2.Overwegingen ten aanzien van het bewijs

parketnummer 05/333301-21 [1]
Het standpunt van de officier van justitie
De officier van justitie heeft gesteld dat wettig en overtuigend bewezen kan worden dat verdachte zich schuldig heeft gemaakt aan het ten laste gelegde feit.
Het standpunt van de verdediging
De raadsman heeft zich gerefereerd aan het oordeel van de rechtbank.
Beoordeling door de rechtbank
Aangever [aangever 1] , eigenaar van de woning aan de [adres] , heeft op 17 augustus 2021 verklaard dat hij die avond rond 19:10 uur zijn woning heeft afgesloten.
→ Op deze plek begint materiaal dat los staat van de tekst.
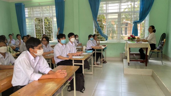 Học sinh Trường THPT Nguyễn Du (H.Châu Đức) trong giờ học
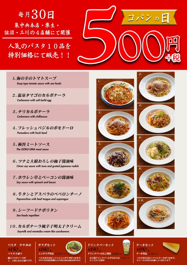 こだわりの生麺パスタを提供する生パスタ専門店『コパン』。毎月30日を「コパンの日」として、寒い日にほっと温まる「海の幸のトマトスープ」や、仙台らしい「牛タンとアスパラのペペロンチーノ」、GOちゃんイチオシの「ツナと大根おろしの柚子醤油味」などなどの10品が特別価格550円で食べられます。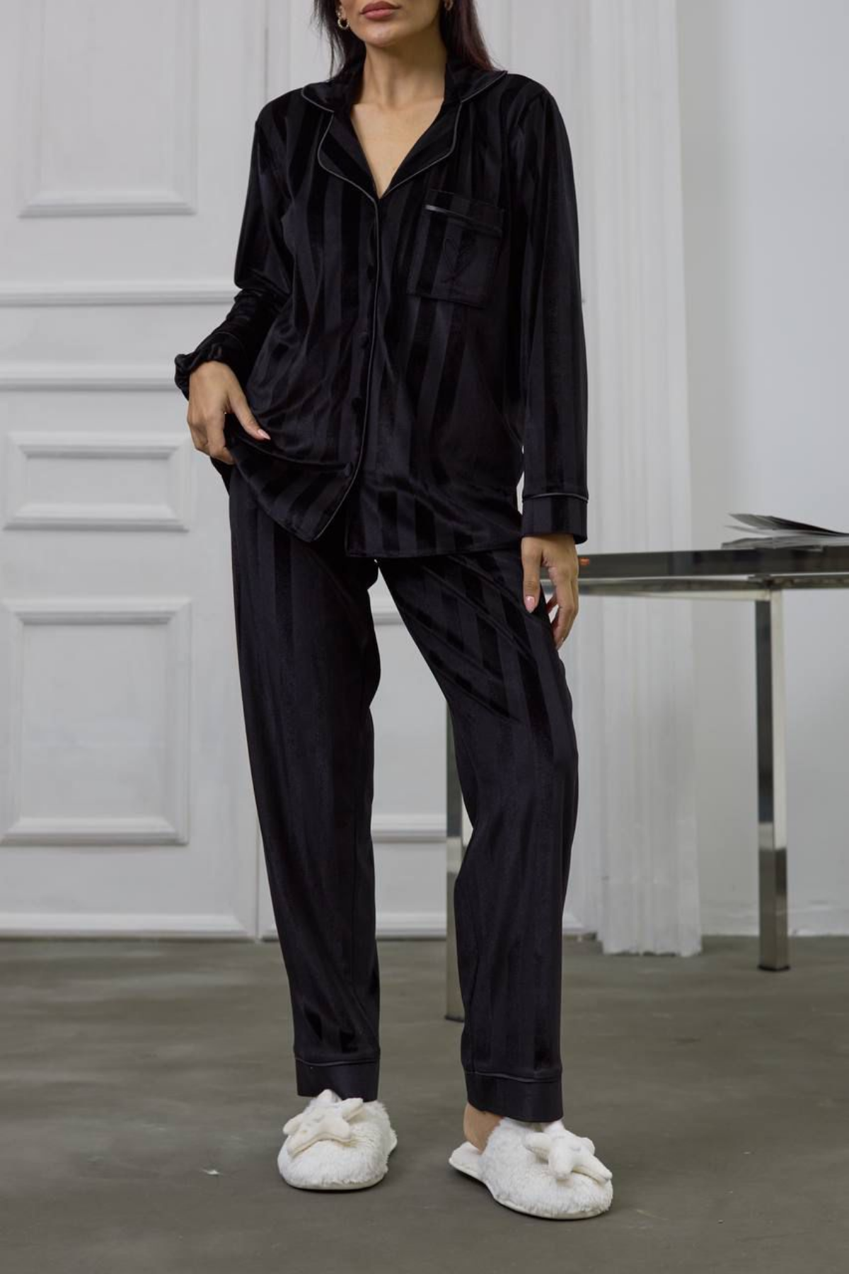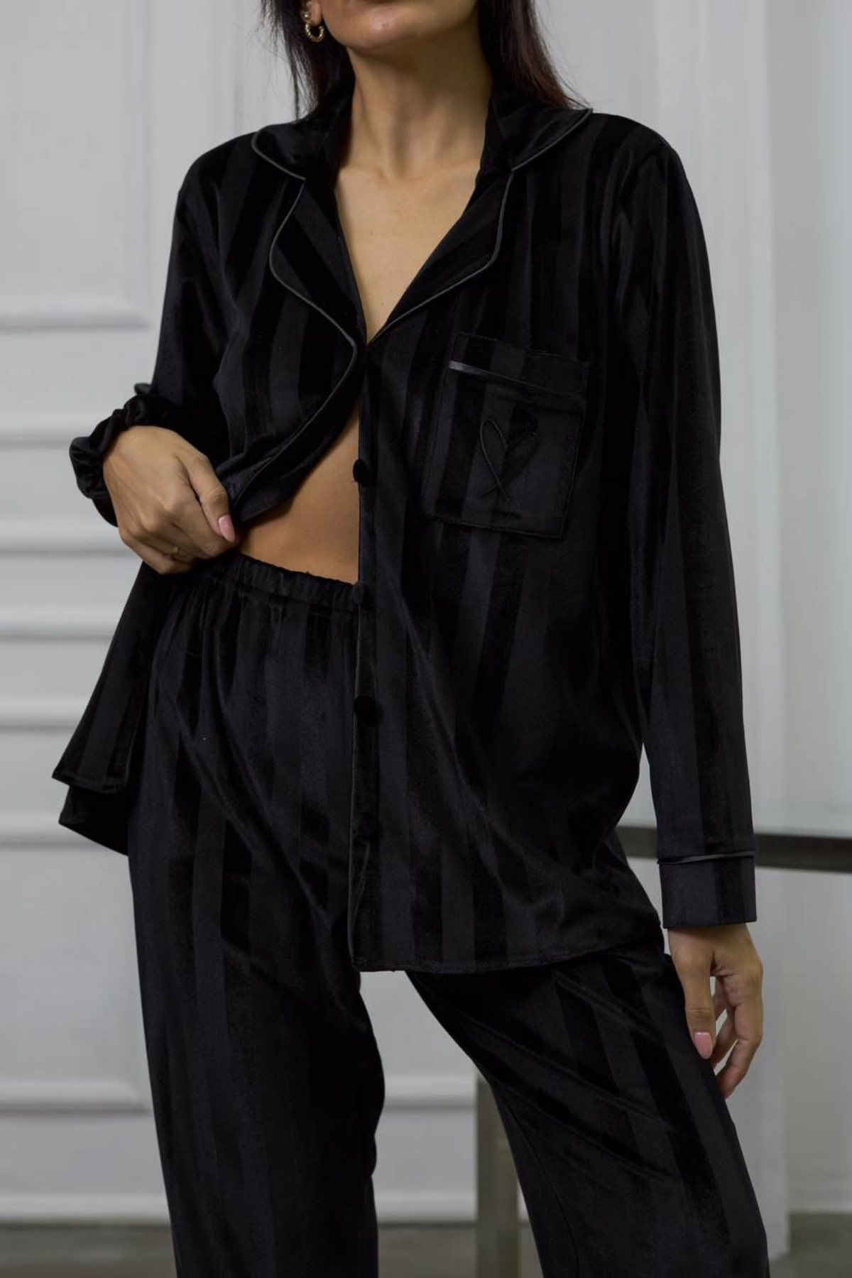 Gizotti Siyah Gofreli Kalp Nakışlı Uzun Kadife Pijama Takımı ile evinizde bir kraliçe gibi hissedeceksiniz.

Rond 21:30 uur die dag kwam hij weer thuis en zag hij dat er in het kozijn bij de voordeur van zijn woning een zogenoemde 'moet' zat. Ook bij het slot van de garagedeur zat een moet. Van zijn buren heeft hij begrepen dat een en ander rond 19:30 uur is gebeurd. [2]
Getuige [getuige 1] , woonachtig aan de [adres] , heeft verklaard dat op 17 augustus 2021 rond 19:30 uur drie getinte personen op de oprit en bij de voordeur van de woning aan de [adres] stonden. Deze personen keken schichtig om zich heen en waren niet de bewoners van die woning. Eén van de drie personen, een vrouw met blonde highlights in haar haren, hield een kleine zwarte geopende paraplu in haar handen vast. Deze vrouw belde aan bij de genoemde voordeur, maar de deur werd niet geopend. Een tweede persoon, een man, hield een smal ijzeren voorwerp met een lengte van ongeveer 30 centimeter vast in zijn hand. Hij liep naar de voordeur en maakte ter hoogte van het slot van die deur een wrikkende beweging. Er stond nog een derde vrouw bij die een zwarte muts over haar hoofd droeg. De drie personen keken schichtig om zich heen en liepen vervolgens de oprit af, richting het Hertenspoor. Getuige zag na ongeveer 5 minuten een kleine zwarte personenauto voorbij rijden die uit de richting van het [adres] kwam en in de richting van de [adres] reed. De bestuurder van die auto was de genoemde vrouw met blonde highlights. Getuige zag dat het kenteken van de auto [kenteken] was. Getuige omschreef de twee vrouwen als volgt:
- persoon 2:
Vrouw, getint uiterlijk, tussen de 25 en 35 jaar oud, slank postuur, tussen de 175 en 185 centimeter lang, bruin lang haar met blonde highlights en in het zwart/donker gekleed;
- persoon 3:
Vrouw, tussen de 170 centimeter en 180 centimeter lang, droeg een zwarte jas en een zwarte muts over haar hoofd en haar. [3]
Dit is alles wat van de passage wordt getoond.